Perhaps you missed that if you have two degenerate eigenstates of the unperturbed Hamiltonian $H_0$, $|\alpha>$ and $|\beta>$, then any normalized linear combination $|\psi>=a|\alpha>+b|\beta>$ is also an eigenstate of $H_0$ for the same eigenvalue. In short, Nature has no way of "knowing" which state to favor.
On the contrary, I am aware of that. This is why I don't understand why when you do the math you obtain a particular combination and not any of them

kuruman
Homework Helper
Gold Member
I am trying to understand what you mean by the following two statements.
As in the non-perturbed state all the combinations have the same energy, I would be tempted to believe that once the perturbation is gone, all the states are equally likely. Why isn't this the case (I would prefer some physics insight rather than math, but any answer would be really appreciated)?
Let's consider the four states in the excited Hydrogen atom (no spin), $R_{20}Y_{00}$, $R_{21}Y_{11}$, $R_{21}Y_{10}$, $R_{21}Y_{1\bar 1}$. Let's call this set of basis states "Basis 1". The unperturbed Hamiltonian using t"Basis 1" will be diagonal with $E_2$ along the diagonal. If you measured the energy of this hydrogen atom, you will get $E_2$. If someone asked you "what state is this hydrogen atom after the measurement?", the answer is "I don't know."

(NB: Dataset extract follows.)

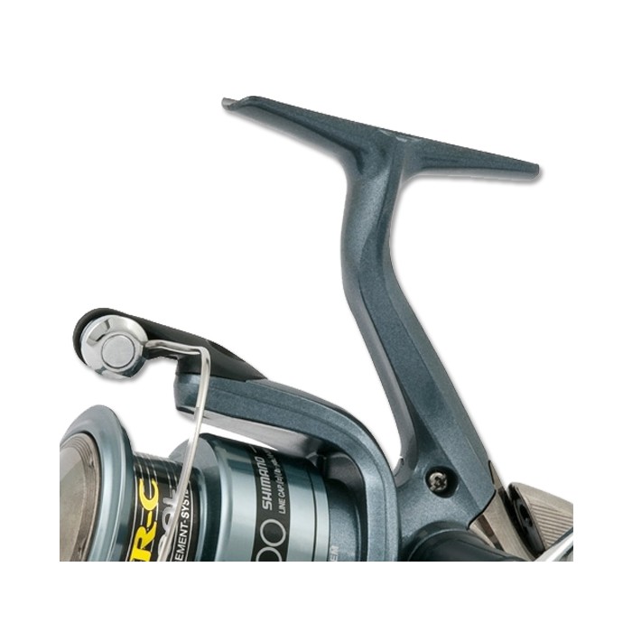 Floating Shaft II: The key friction area on most fixed spool reels is where the spool drive shaft meets the pinion. Shimano designers have overcome this by reducing a large percentage of surface area contact, and incorporating bearings on either side of the shaft. The resultant design leaves the shaft in a "floating" position, considerably improving efficiency and longevity

Now suppose you choose 4 orthonormal linear combinations of the four states and call your choice "Basis 2". Calculating the energies and constructing the Hamiltonian is trivial. Measuring the energy still gives $E_2$ as a result and as for the state of the atom after the measurement, the answer is still "I don't know". I'm sure you agree with all of this so far.

Now here comes the perturbation. We put a uniform magnetic field in some direction relative to our lab and go about our business of measuring energy or orbital angular momentum or both. This is where Griffiths's "good states" come in. Basis 1 are the good states if (and this is an important if) we identify the direction of the magnetic field as the axis of quantization of the spherical harmonics. Then the Hamiltonian is already diagonal and we have nothing more to do. The energies are $E_2$ for $R_{20}Y_{00}$, $E_2+\epsilon$ for $R_{21}Y_{11}$, $E_2$ for $R_{21}Y_{10}$ and $E_2-\epsilon$ for $R_{21}Y_{1\bar 1}$. If you measured the energy, you would get $E_2$, $E_2+\epsilon$ and $E_2-\epsilon$. If you get $E_2$, you would still not know what state the hydrogen atom is in after the measurement, but that would no longer be the case for the non-degenerate states. If the measurement returns $E_2+\epsilon$, then you know that the atom is in state $R_{21}Y_{11}$.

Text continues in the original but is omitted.